Intuit Inc, known for its Quicken, Quickbooks, and TurboTax products,
bought online banking services provider Digital Insight today for
$1.35 billion.
Intuit will pay $39 per share in cash for each Digital Insight common
share.
“The combination of two industry leaders will put Intuit in an
excellent position to bring a new generation of online banking
solutions to market,” Intuit president and CEO Steve Bennett said in
a statement.
With Digital Insight in the fold, Intuit said it would serve more than 5,000 financial institutions, nearly 25 million consumers and nearly 7 million small businesses.
Back in the waning dot-com heydays of 1999, Digital Insight was one of many tech
stock darlings on Wall Street. For example, in the month before November 12, 1999 the company’s stock price rose by 54.2 percent.
As late as 2003, optimism still remained high for online banking providers, when analysts predicted the number of online banking households would grow at a 14 percent compound annual growth rate over the next five years.
Since then, adoption growth has declined as many customers lost faith in online banking’s security. Online banking adoption rose only three percent in 2005, according to
eMarketer, a research firm that specializes in online trends. “Security is not a luxury to online banking users, and it cannot be for online banks,” said Lisa Phillips, eMarketer analyst and author of the report.

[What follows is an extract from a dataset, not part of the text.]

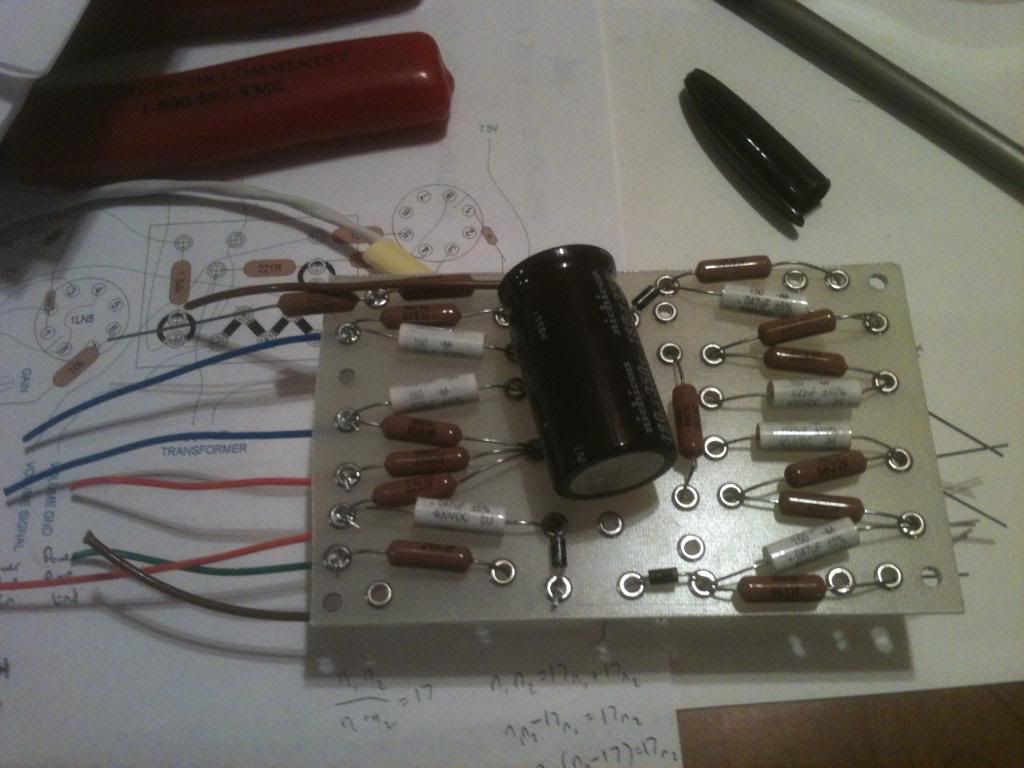 Tone stack - Mildly tweaked Fender Brownface tonestack. I like it because it only has 2 knobs, and works well with high impedance inputs. I'm not wasting a tube on a cathode follower just to drive a tonestack. Even if I was so inclined, it would be weird to try with directly heated cathodes.

Whether online banking will reach its growth potential — whether Intuit’s acquisition will be judged a success — depends largely on how the industry responds to consumer concern with security. That’s the challenge facing the Intuit-Digital Insight merger.
Gartner research Analyst Avivah Litan told internetnews.com the answer is transparency. Banks have to make it clear to their customers that their funds are safe, Litan said.
Intuit said that Digital Insight’s business operations will continue from its existing facilities in California and Georgia, but that it would form a new financial institutions business division within Intuit. Jeff Stiefle, former Digital Insight
chairman, president and CEO will serve as that unit’s president.
For the time being the transaction remains subject to regulatory
review, Digital Insight shareholder approval and other customary
closing conditions. The companies said, however, that the transaction
closing is expected in the first calendar quarter of 2007.